Ne pas courir après les chutes d'eau

En 1910, Henry Gantt a défini un cadre qui a été utilisé pendant la Première Guerre mondiale pour gérer les manœuvres d'armement. Depuis, le "diagramme de Gantt" fait partie du vocabulaire de la gestion de projet. Dans son livre "The art of doing twice the work in half the time" Jeff Sutherland explique...
Agile working

In 1910 Henry Gantt laid out a framework that was used in World War 1 to manage the manoeuvring of weaponry, “The Gantt Chart” has been part of project management vocabulary ever since.
In his book “The art of doing twice the work in half the time” Jeff Sutherland explains:

It’s so tempting: all the work needed to be done on a massive project laid out for everyone to see. I’ve visited many companies that have people whose only job is to update that Gantt chart every day. The trouble is, once that beautifully elegant plan meets reality, it falls apart. But instead of scrapping the plan, or the way they think about the plan, managers instead hire people to make it look as if the plan is working. Essentially, they’re paying people to lie to them.

Gantt chants symbolise ‘waterfall’ project management, a relay approach where the previous task/stage must be completed before progressing to the next (Discover ⇒ Design ⇒ Develop ⇒ Test). The major issue here is uncertainty, all projects (regardless of approach) face a level of uncertainty, either of requirements or maybe technical solution. Waterfall projects attempt to counteract this by investing time upfront specifying & estimating every work item required to meet the solution.

Unfortunately, human beings just aren’t good at estimating! In fact, the wonderfully named Cone of Uncertainty¹ states that estimates are regularly up to 600% wrong when made at the beginning of a project, if they are so badly wrong why bother?

On top of the inaccurate planning and the fictitious timescales, the amount of man power used to create this all-encompassing plan means that any need for change is met with great resistance and is discouraged.

To summarise, the model is outdated, resists change, is likely to overrun and the main artefact ‘The Gantt Chart’ is inevitably always wrong.

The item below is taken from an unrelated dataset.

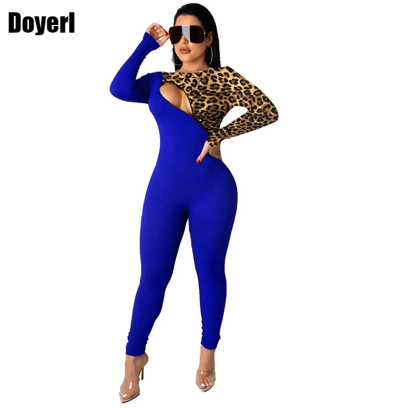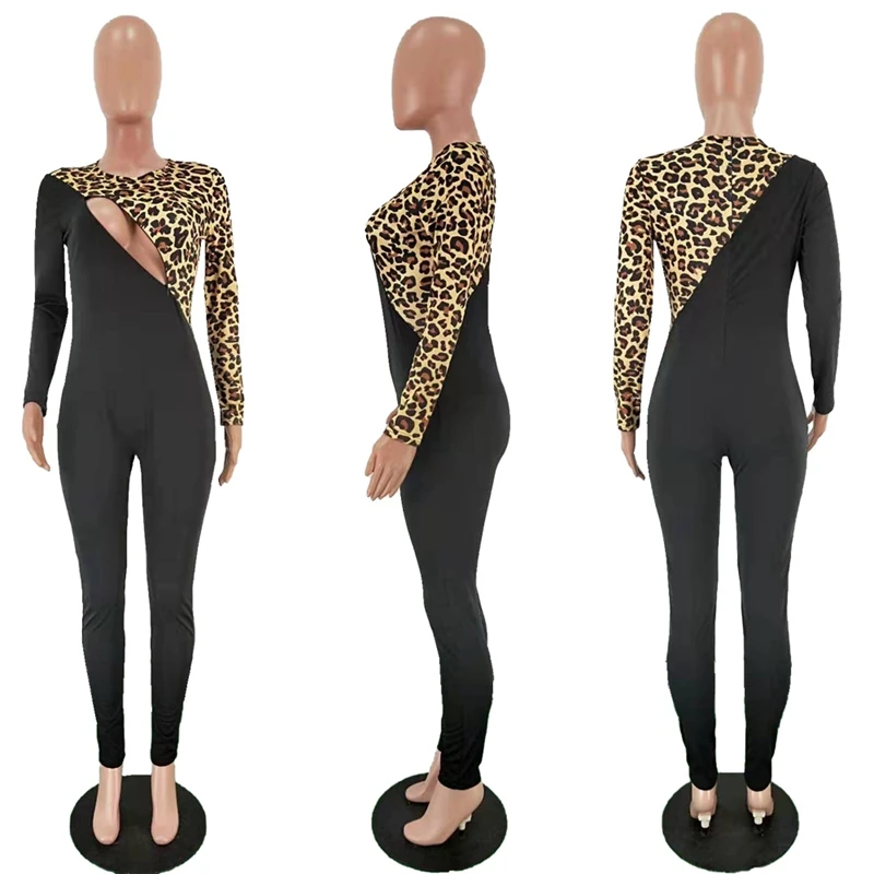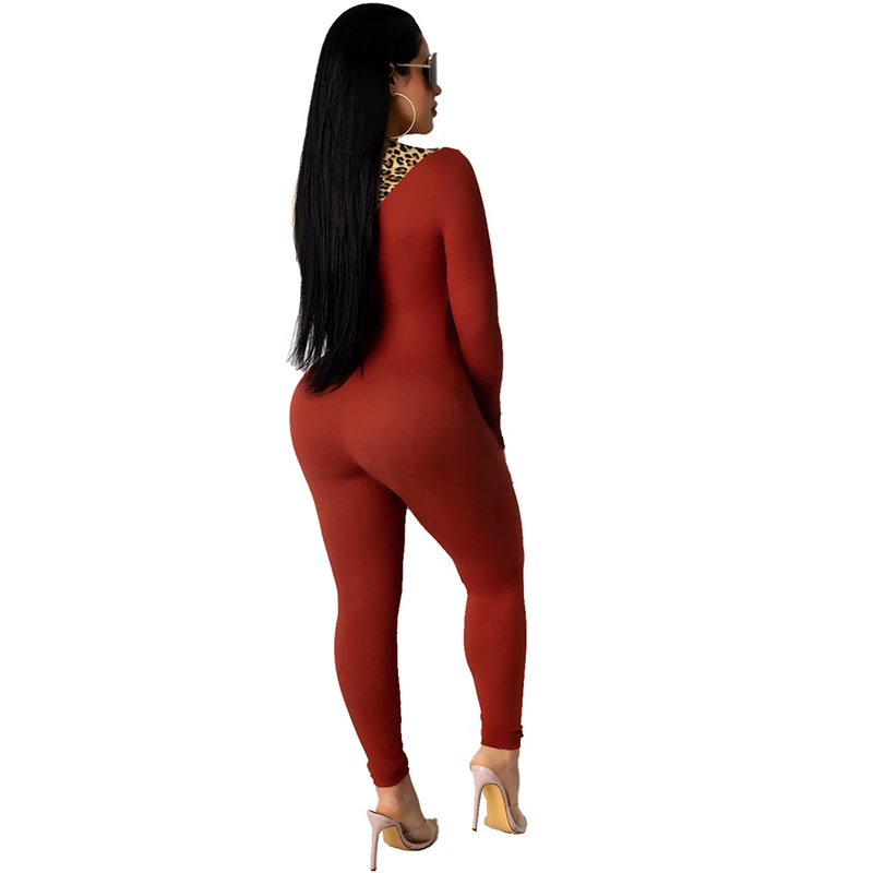 Женский леопардовый Облегающий комбинезон на молнии, с длинным рукавом

So, what’s the alternative?

At Cristie we subscribe to the Agile Manifesto², defined by the principles stated below:

Individuals and interactions over processes and tools

Working software over comprehensive documentation

Customer collaboration over contract negotiation

Responding to change over following a plan

That’s not to say we don’t value those on the right, but we prioritise those on the left. To be specific we actually use SCRUM which is a flavour of Agile and takes its name from the sport of Rugby; the parallel being that a team of cross-functional members work together to move the ball up the pitch (i.e. towards the goal).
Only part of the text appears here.